Other responses were overtly hostile. Men took advantage of the Pinkhams’ request for testimonials to send letters telling Lydia to change her hair or to stop smiling so much. This note, sent in 1880, sums up the most common complaints:
If it is necessary that you should parade your portrait in every country paper in the United States can’t you in mercy to the nation have a new one taken once in a while? Do your hair a little differently say – have a different turn to your head & look solemn. Anything to get rid of that cast iron smile! You ought to feel solemn any way that your face pervades the mind of the nation like a nightmare & that you have become a bug bear to innocent children. Also that portrait is destroying the circulation of the newspapers. I have stopped my county paper to get rid of it & I know of several flourishing papers that have been absolutely killed by it. I think my words express the heartfelt desire of a long suffering people & that I am sustained in this request by the strongest public sentiment ever brought to bear on any subject!
By the mid-1880s, there was a popular college choir song making fun of Lydia: “There’s a face that haunts me ever, there are eyes mine always meet / as I read the morning paper, as I walk the crowded street,” it began. “Sing, oh! Sing of Lydia Pinkham, and her love for the human race / how she sells her vegetable compound and the papers publish her face.”

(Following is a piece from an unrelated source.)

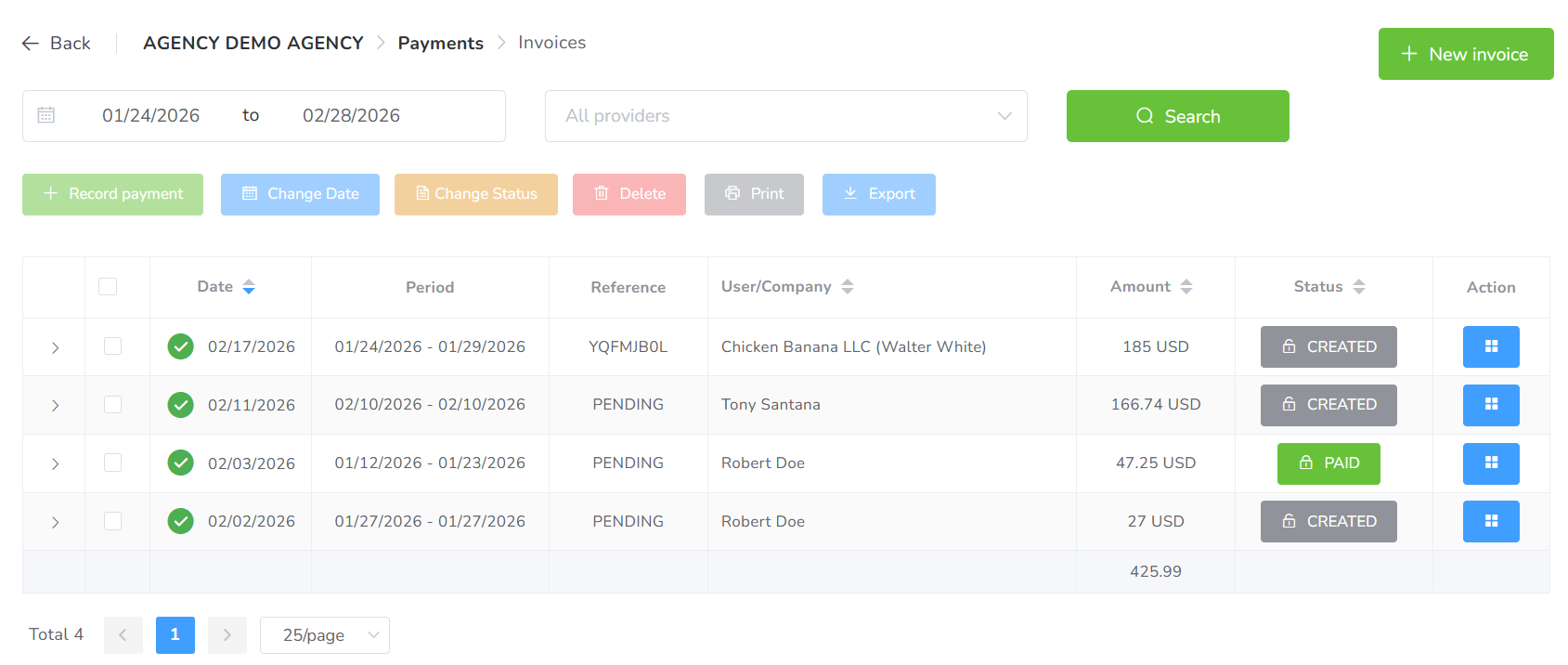 - Status: They are several statuses for the invoice: Created, Confirmed, Rejected, Cancelled, Submitted, Pending, Paid, and Declined.

Despite this rash of critical men, actual Vegetable Compound sales went through the roof. By the end of the 19th century, Pinkham was “the best-known woman in America,” LIFE magazine wrote decades later. After Lydia’s death, in 1883, her relatives kept her portrait on company materials, and customers continued to write her for advice. The Pinkhams, who couldn’t afford to lose Lydia’s promotional power, hired other old, wise women to answer the letters.

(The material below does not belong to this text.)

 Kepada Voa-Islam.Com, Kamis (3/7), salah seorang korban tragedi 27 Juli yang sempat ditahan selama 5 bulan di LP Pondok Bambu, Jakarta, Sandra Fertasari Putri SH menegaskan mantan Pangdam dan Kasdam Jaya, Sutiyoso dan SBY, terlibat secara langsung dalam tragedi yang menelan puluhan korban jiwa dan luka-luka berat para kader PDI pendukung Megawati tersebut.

In 1904, as part of an expose titled “How the Private Confidences of Women are Laughed At,” the Ladies’ Home Journal published an updated Pinkham portrait—a photo of her 20-year-old tombstone. But even this didn’t really affect sales. In 1949, the company was selling 3 million bottles a year. The original Lydia Pinkham Medicine Company Factory, in Lynn, didn’t close shop until 1973.
These days, thanks to some trademark transfers, you can still buy Pinkham-branded compounds and supplements. Lydia’s portrait, slightly simplified over the decades, continues to gaze calmly out of the packaging. Were Lydia herself around to answer letters, she might have to reconsider her medicinal formula. But she would also have at least one well-earned, timeless piece of advice to offer: Never mind the haters.